It's been a couple of months since I last wrote here and it's been a time of restoration and full of learning as we've moved from the frenzied focus of creating a show to the brave new world of what lies beyond. We feel honoured to have been invited to take Peter Pan in Kensington Gardens to Poland this December by The English Theater Company of Poland, a company which aims 'to provide students of the English language with access to original examples of the living language through productions characterised by superior artistic, literary, and linguistic value that act as supplements to the educational process'.

We are so excited to be making the trip, by ferry, which aptly stops at 'Hook' of Holland - though hopefully our little Peter Pan Crew will not meet that famous captain or any of his pirates on our way there or back.

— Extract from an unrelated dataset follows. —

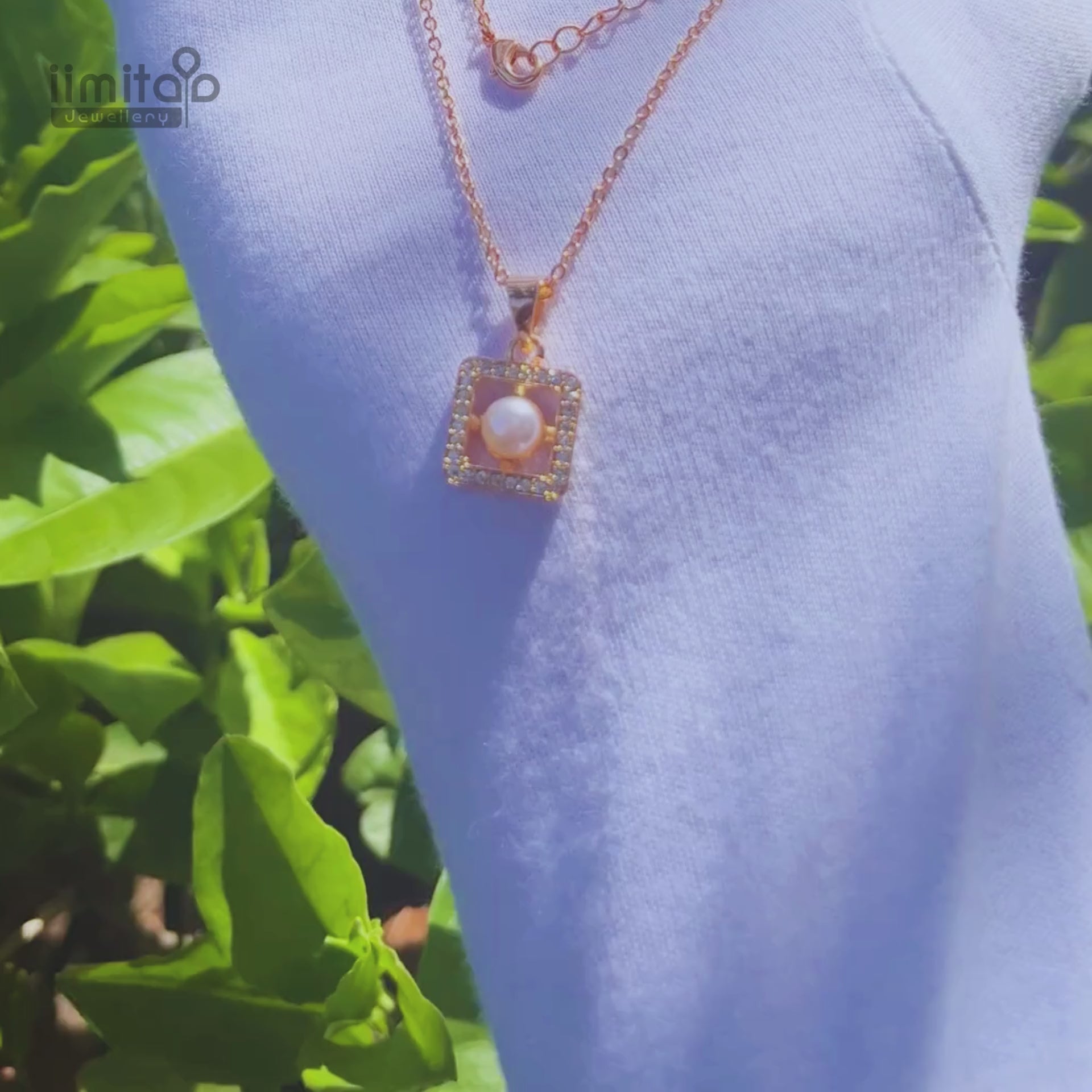 Rose Gold-Plated Imitation Pendant Necklace with Pearl Center & Square Frame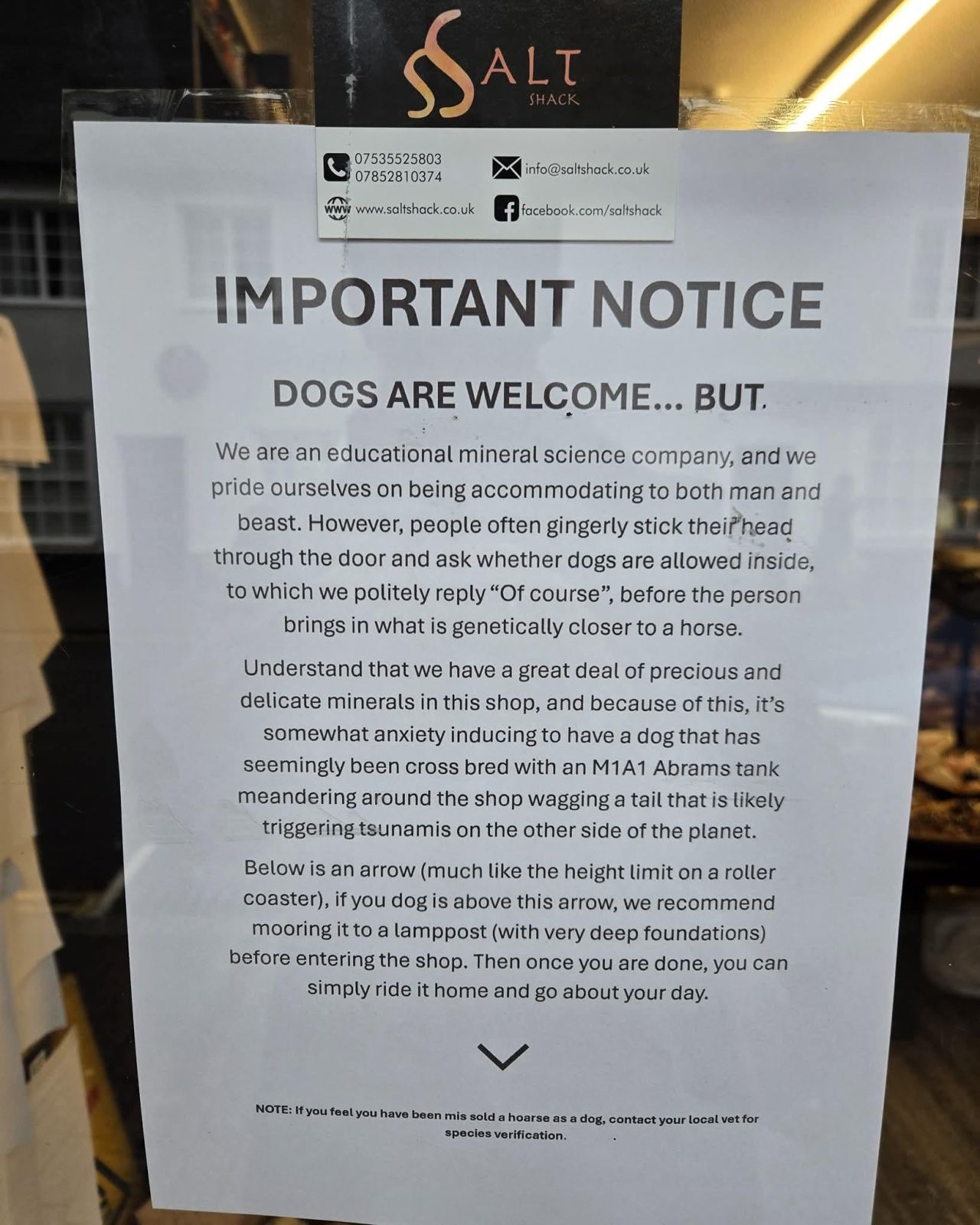 Every shop has a dog policy. But no other shop has this dog policy. Updated fire safety protocols for 2026. If your Father’s Day marquee doesn’t make someone pull over to take a photo, try harder The friendliest possible way to say “the price is the price.” No corporate jargon. No awkward eye contact. Just a laminated sign handling the conversation so the staff doesn’t have to. We absolutely love this A-frame sign. Somewhere a marketing consultant charged $15,000 for advice this sandwich board already knows. Not the funniest sign in the world, granted. But cute and very, very sweet. You could do worse than having one of these hanging outside your store. Every sign has a backstory. This one’s is probably worse than most. Imagine this sign in your store, maybe a little smaller and understated and with a more tasteful font. Think of it as a small inside joke near the front edge of your most popular cabinets — “Please do not tap on glass. It scares the jewelry.” (Extra benefit: it helps keep people from leaving too many fingerprints on your display-case glass.) California ice-cream dealer CVT Soft Serve got so tired of influencers asking for “deals”; instead, he decided to charge them double and even made a sign announcing the new policy. SOURCE: INSTAGRAM The “shop local” movement is one all jewelers should support — wholeheartedly. A sidewalk sign like this would be a lighthearted way to remind members of your community of the importance of using their dollars to support area businesses. Okay, you won’t see this sign on the front of any of Tiffany’s or Hamilton Jewelers or Hyde Park or any of INSTORE’s America’s Coolest Jewelry Stores for 2025. But, for a small-town jeweler with a quirky sense of humor, this is a solidly humorous sign. Get it redesigned by a skilled designer with some tasteful fonts and you’re providing passing patrons with a nice chuckle. We’re absolute suckers for a funny chalkboard sidewalk sign. And this one has a balance of humor and friendly vibes that we couldn’t resist. Okay, obviously this sign is for a supermarket produce section. But what we love is the idea of using printed memes to add humor to the shopping experience. Not for every store, or even most stores, but if you’ve got a sense of humor (and good taste in memes), this could make shopping in your store a more fun experience. Got a public urination problem in the area around your store? This is the sign for you. This clothing store’s ransom-note style sales pitch wouldn’t be the worst idea for a jewelry store’s Main Street-facing front window. Here’s a classic “Open” and “Closed” sign combination — with an awesome twist. Another “Closed” sign guaranteed to make customers want to come back. Here’s a “Big Sale” sign for people who despise hyped-up “Big Sale” signs. You can’t beat the honesty on display here. An impactful way to immediately establish the correct toilet paper rules in your business’s bathroom. Here’s a friendly way to remind customers to take it easy on your valued staff. Got people littering outside your business? Slap up this hilariously passive-aggressive sign and watch the trash disappear. A tasty gag for any business with an in-store bar. Oh man, we would love to work at this business. Maybe we wouldn’t love to be a customer here. But work there? Sign us up. With fall on its way, try putting your own spin on this auto repair firm’s gag about autumn’s most ubiquitous food seasoning/flavor. Video surveillance signs are about the least friendly thing imaginable. Except this one. This Domino’s Pizza franchisee certainly knows how to get people’s attention. Behold, what simply must be the best smoking-area sign ever. Nobody wants a sea of butts on the ground around their ornamental fish pond. This retailer’s sign makes the point without nagging. And another rabbit-themed version. This bathroom sign is so dark, and yet so funny. Truly selfie-worthy. Don’t you think all stripmall signs should have such personality? Or any kind of personality at all. We’ll miss you, “The Sign!” Who says you can’t hard-sell on Mother’s Day? You can’t twist arms any more effectively than this. This warning against letting children run wild in your business probably rings familiar. (But still should get a smile.) And here’s a far fresher (and funnier) spin on the “unattended children” warning. And one more. A perfect sidewalk sign … replace “Nice drinks” with “Gorgeous jewelry”. And here’s another sidewalk sign variation that could stop passersby in their tracks. Hate when people talk on the phone while at your register? Try a variation of this sign. Here’s the perfect Lionel Richie meme to place next to your current hot seller. For some jewelers, sweaty cash is right up there with “wrist cheese” as an occupational hazard. 1 | 40 Previous Imperial Pearl’s 2026 New Designs Launching Now! Up Next 16 Images That Show Why Rox Jewelers Was Named One of America’s Coolest Jewelry Stores Photo Gallery This Crystal Shop’s Dog Policy Is a Work of Art — Plus 39 More Pretty Funny Retail Signs Every shop has a dog policy. But no other shop has this dog policy. Advertisement

We will be joining ETC for the St. Nicolas Celebrations and will be in Europe, crossing three countries, between the 6th-16th December. We have decided to make the most of the journey by planning in stop-overs in Berlin and Hannover on our way home to enjoy the European Christmas Markets and also have made a space to visit the Air museum in Krakow which apparently has some rare planes which Dan is keen to see. It has been a tense few weeks with the uncertainties surrounding the EU and now we have the go-ahead, I feel so lucky to be able to take this opportunity to share our hard work and mutually exchange culture within the European community, which promises to be an enriching life experience and a business connection that has been so beneficial to our little company in our first year. Long may it continue.